Exercise brief:
All of the data should be given again word for word, though the images are to be left out.

(Stored items from a collection)
= Beginning of Section =
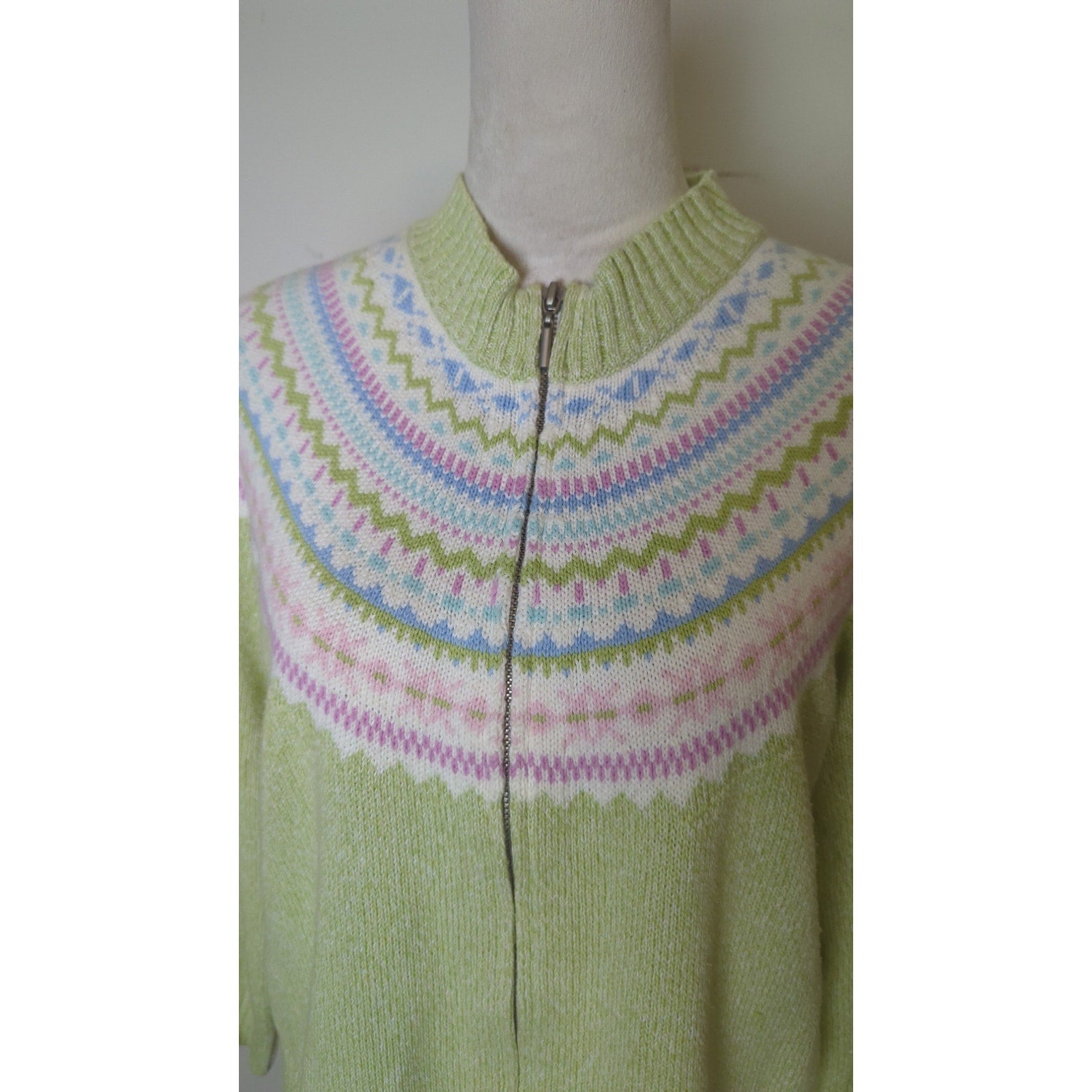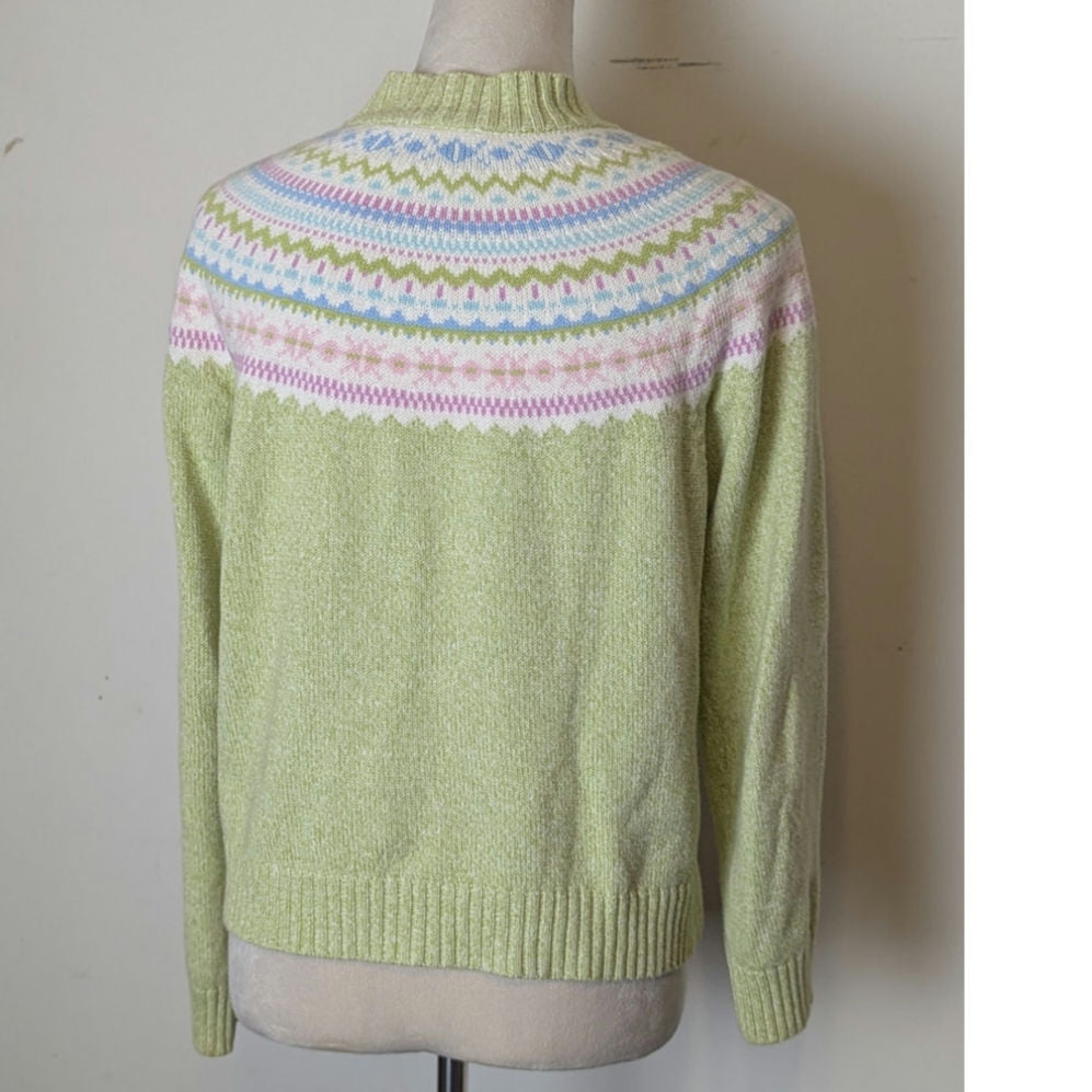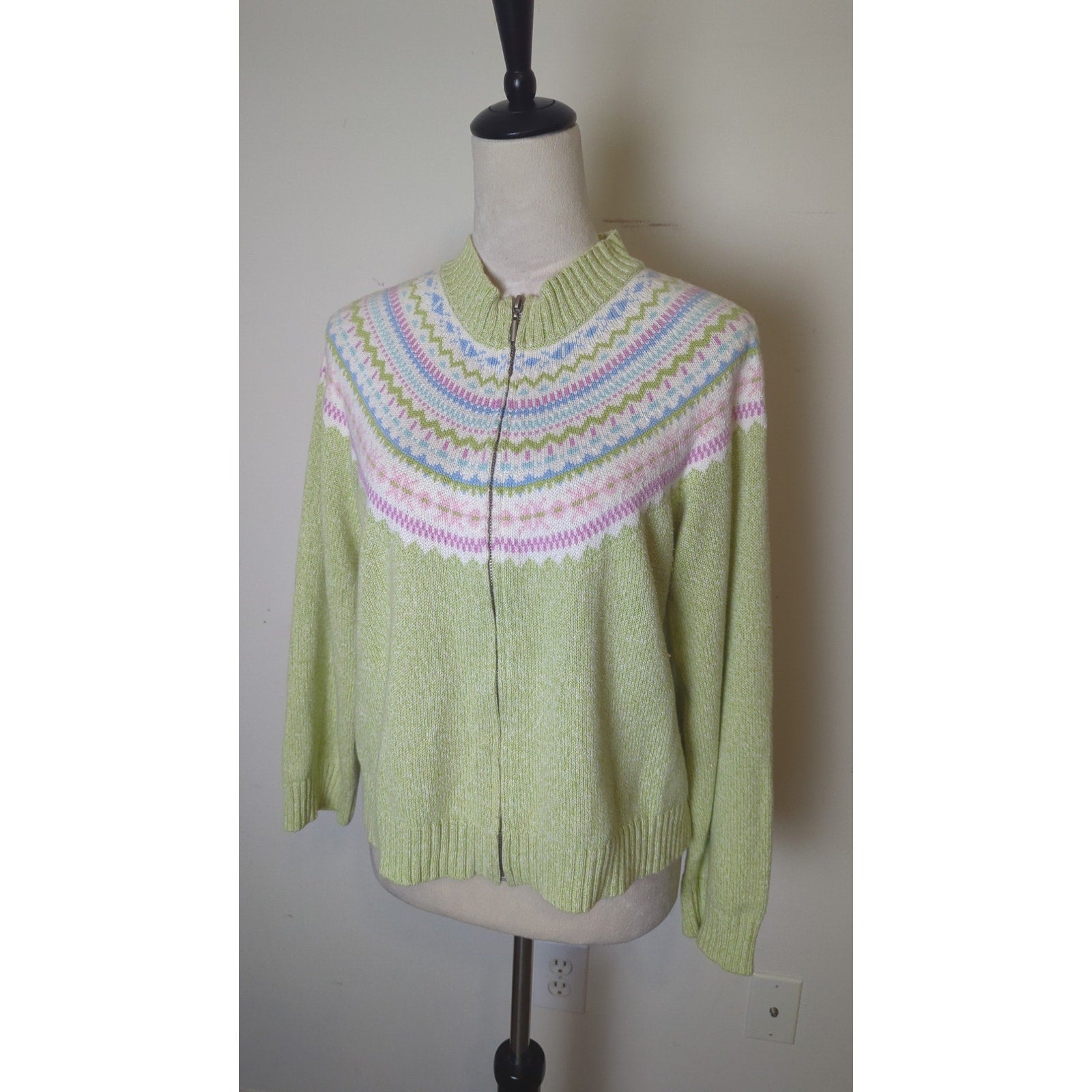 Amazing condition! 100% cotton zipper front Spring Green Fair Isle Cotton Cardigan Sweater Vintage , Pink, Blue and Light Green Fair Isle pattern
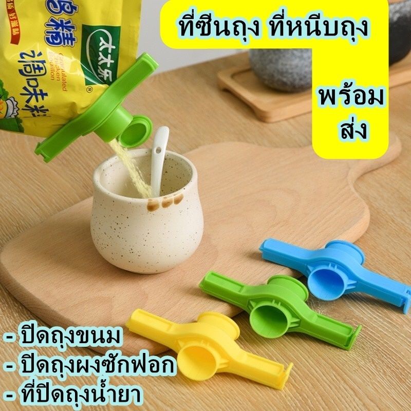 ที่หนีบถุงแบบคละสี มีฝาเปิดปิด ขนม ผงซักฟอก น้ำยาปรับผ้านุ่ม
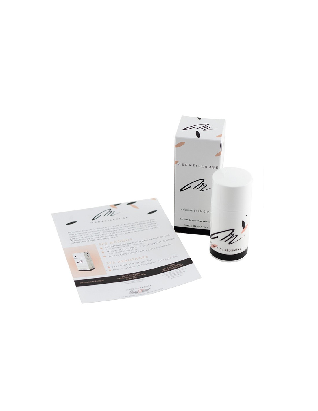 Este creme de tratamento posterior da Merveilleuse foi especificamente concebido para o sector da maquilhagem permanente. O creme é hidratante e sem fragrâncias. Um creme à base de pantenol que apoia a rápida reestruturação celular e é suavizante para a pele. A manteiga de carité contida no creme tem ingredientes activos como os caritenos A, B, C e D. Estes dão-lhe uma notável actividade fisiológica de reparação, hidratação e protecção da epiderme.
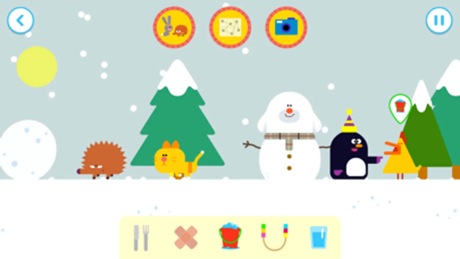 • Five locations to visit: a park, some woods, the beach, the snow and a field;
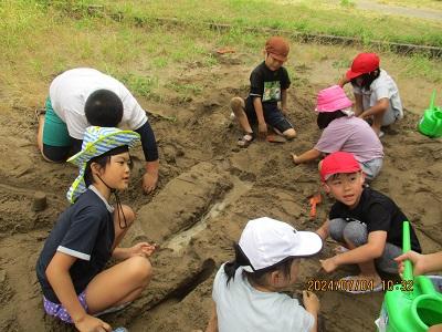 図工「すなやつちとなかよし」の学習で、どろんこ遊びをしました。みんなでなかよく川やトンネルを作ったり、水を流したりして、おもいっきり遊びました。また、プリンカップなどを使ってお料理もして、想像を働かせて楽しんでいました。
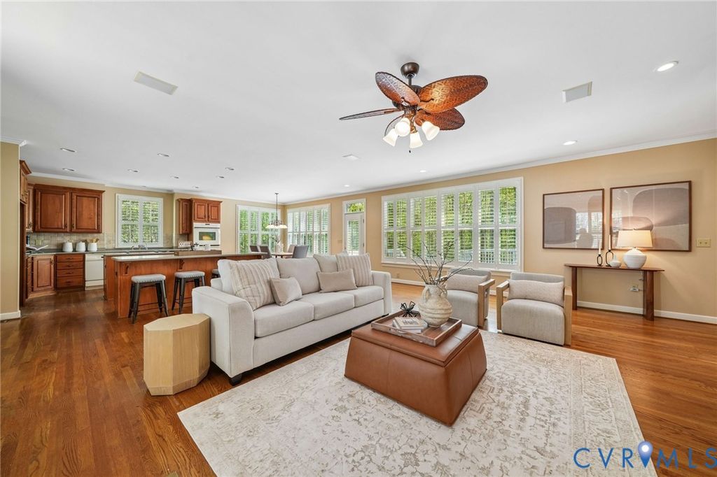 Located within the gated community of Ford's Colony, this 3-bedroom, 3-bath home offers true one-level living on a quiet cul-de-sac with a private, wooded setting. The open-concept layout is filled with natural light, enhanced by an abundance of windows and classic plantation shutters throughout. The great room features beautiful custom built-ins and flows seamlessly into the main living areas, creating a comfortable space for both everyday living and entertaining. Hardwood floors run throughout the main areas, with new carpet in the primary bedroom. The kitchen and baths provide an opportunity for a buyer to update and tailor the home to their own style, while recent improvements including new crawlspace insulation and vapor barrier add value where it counts. Additional features include a spacious 2-car garage with built-in shelving and a functional layout designed for easy living. Ford's Colony offers 24-hour gated security along with access to golf, walking trails, pools, tennis, and an active lifestyle just minutes from Williamsburg conveniences. Offered at an exceptional value for the neighborhood, this home presents a rare opportunity to enjoy privacy, space, and location within one of the area's most sought-after communities.
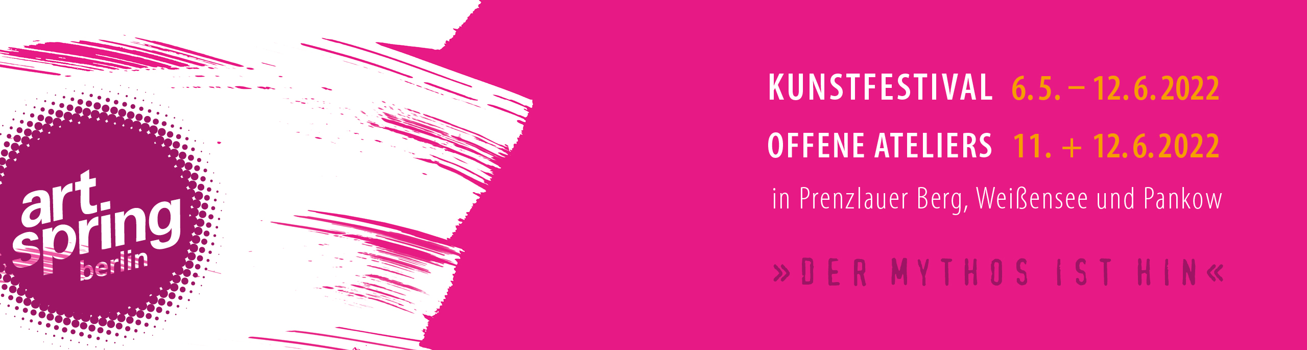 Vom 6. Mai bis 12. Juni 2022 steht das artspring berlin Kunstfestival im Mai und Juni unter dem Motto „der mythos ist hin“.
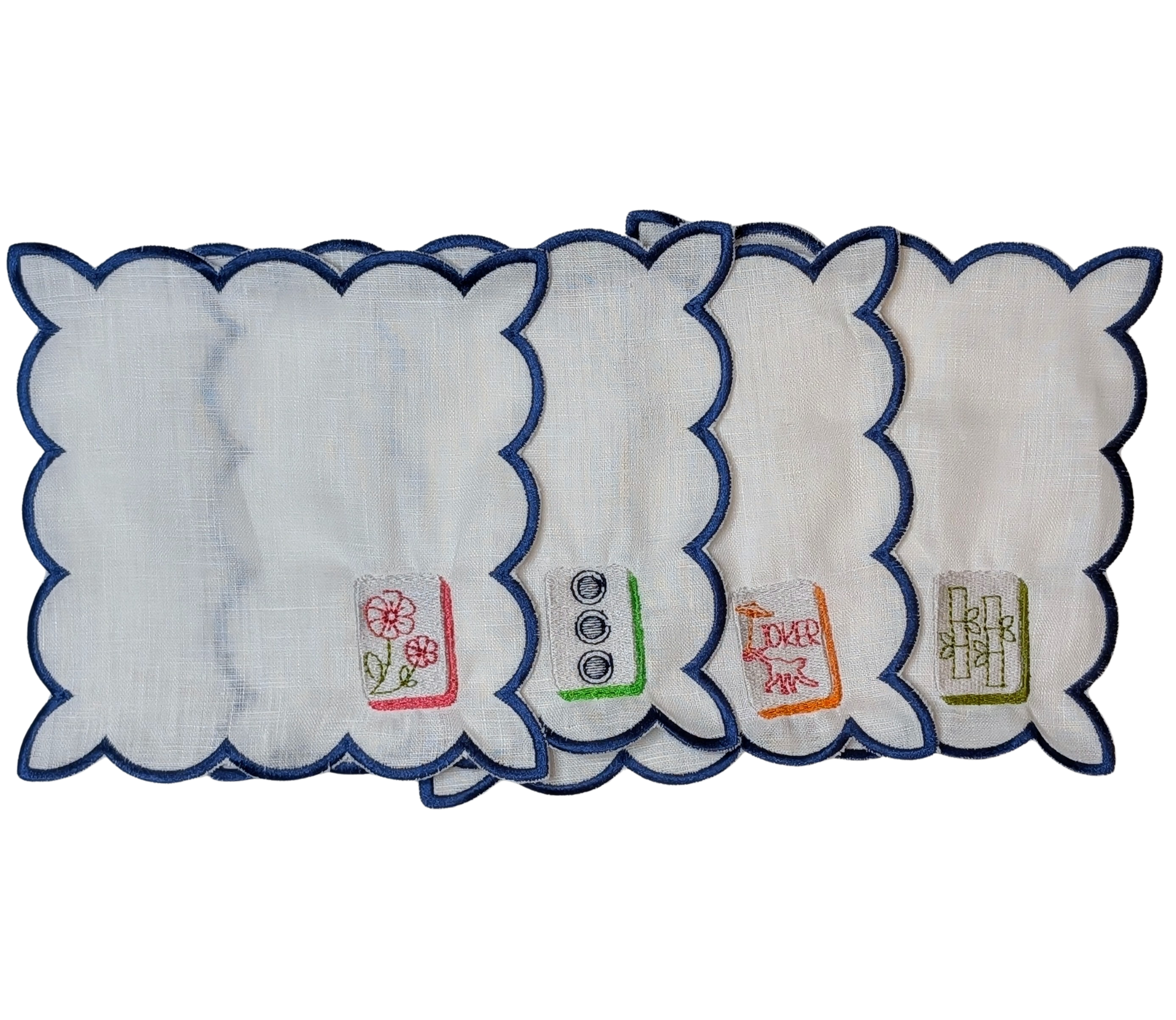 Bring a touch of playful elegance to game night. These crisp white linen cocktail napkins feature a scalloped navy trim and embroidered mahjong tiles, each with a unique design—perfect for mixing style with a love of the game.
= End of Section =
Worked solution:
 Amazing condition! 100% cotton zipper front Spring Green Fair Isle Cotton Cardigan Sweater Vintage , Pink, Blue and Light Green Fair Isle pattern
 ที่หนีบถุงแบบคละสี มีฝาเปิดปิด ขนม ผงซักฟอก น้ำยาปรับผ้านุ่ม
 Este creme de tratamento posterior da Merveilleuse foi especificamente concebido para o sector da maquilhagem permanente. O creme é hidratante e sem fragrâncias. Um creme à base de pantenol que apoia a rápida reestruturação celular e é suavizante para a pele. A manteiga de carité contida no creme tem ingredientes activos como os caritenos A, B, C e D. Estes dão-lhe uma notável actividade fisiológica de reparação, hidratação e protecção da epiderme.
 • Five locations to visit: a park, some woods, the beach, the snow and a field;
 図工「すなやつちとなかよし」の学習で、どろんこ遊びをしました。みんなでなかよく川やトンネルを作ったり、水を流したりして、おもいっきり遊びました。また、プリンカップなどを使ってお料理もして、想像を働かせて楽しんでいました。
 Located within the gated community of Ford's Colony, this 3-bedroom, 3-bath home offers true one-level living on a quiet cul-de-sac with a private, wooded setting. The open-concept layout is filled with natural light, enhanced by an abundance of windows and classic plantation shutters throughout. The great room features beautiful custom built-ins and flows seamlessly into the main living areas, creating a comfortable space for both everyday living and entertaining. Hardwood floors run throughout the main areas, with new carpet in the primary bedroom. The kitchen and baths provide an opportunity for a buyer to update and tailor the home to their own style, while recent improvements including new crawlspace insulation and vapor barrier add value where it counts. Additional features include a spacious 2-car garage with built-in shelving and a functional layout designed for easy living. Ford's Colony offers 24-hour gated security along with access to golf, walking trails, pools, tennis, and an active lifestyle just minutes from Williamsburg conveniences. Offered at an exceptional value for the neighborhood, this home presents a rare opportunity to enjoy privacy, space, and location within one of the area's most sought-after communities.
 Vom 6. Mai bis 12. Juni 2022 steht das artspring berlin Kunstfestival im Mai und Juni unter dem Motto „der mythos ist hin“.
 Bring a touch of playful elegance to game night. These crisp white linen cocktail napkins feature a scalloped navy trim and embroidered mahjong tiles, each with a unique design—perfect for mixing style with a love of the game.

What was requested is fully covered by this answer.